# Problem to solve
In the data below, find the line with "как выглядит Patricia" and the line with "回复:再一次求助:电脑上网后", then restate both and every line between them exactly, minus the pictures.
··· Material to process
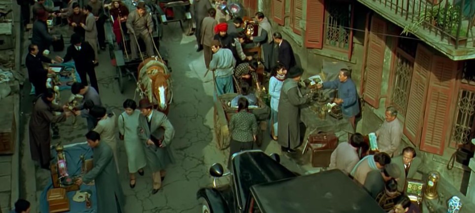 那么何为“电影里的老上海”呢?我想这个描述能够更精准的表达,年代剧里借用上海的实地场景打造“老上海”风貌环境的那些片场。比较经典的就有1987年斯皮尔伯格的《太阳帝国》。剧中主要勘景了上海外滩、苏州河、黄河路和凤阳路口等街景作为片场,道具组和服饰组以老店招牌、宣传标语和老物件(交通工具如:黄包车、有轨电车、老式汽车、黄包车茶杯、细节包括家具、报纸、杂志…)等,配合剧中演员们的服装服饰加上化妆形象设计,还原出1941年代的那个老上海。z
······
··· Material to process
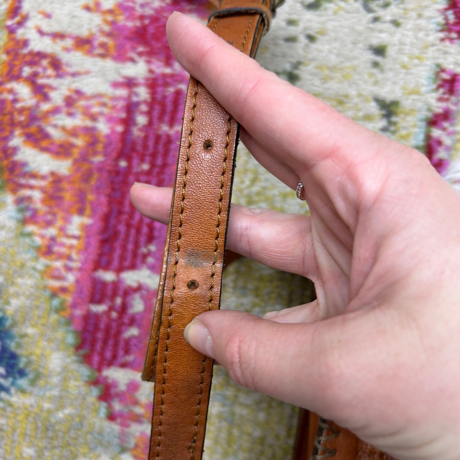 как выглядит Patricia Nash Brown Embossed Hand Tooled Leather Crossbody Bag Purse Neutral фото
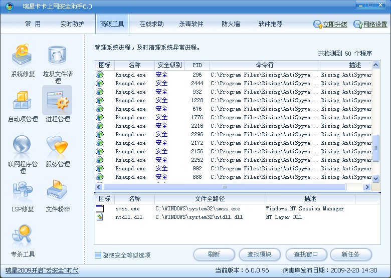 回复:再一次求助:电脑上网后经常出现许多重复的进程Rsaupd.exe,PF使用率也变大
······
# Expected answer
 как выглядит Patricia Nash Brown Embossed Hand Tooled Leather Crossbody Bag Purse Neutral фото
 回复:再一次求助:电脑上网后经常出现许多重复的进程Rsaupd.exe,PF使用率也变大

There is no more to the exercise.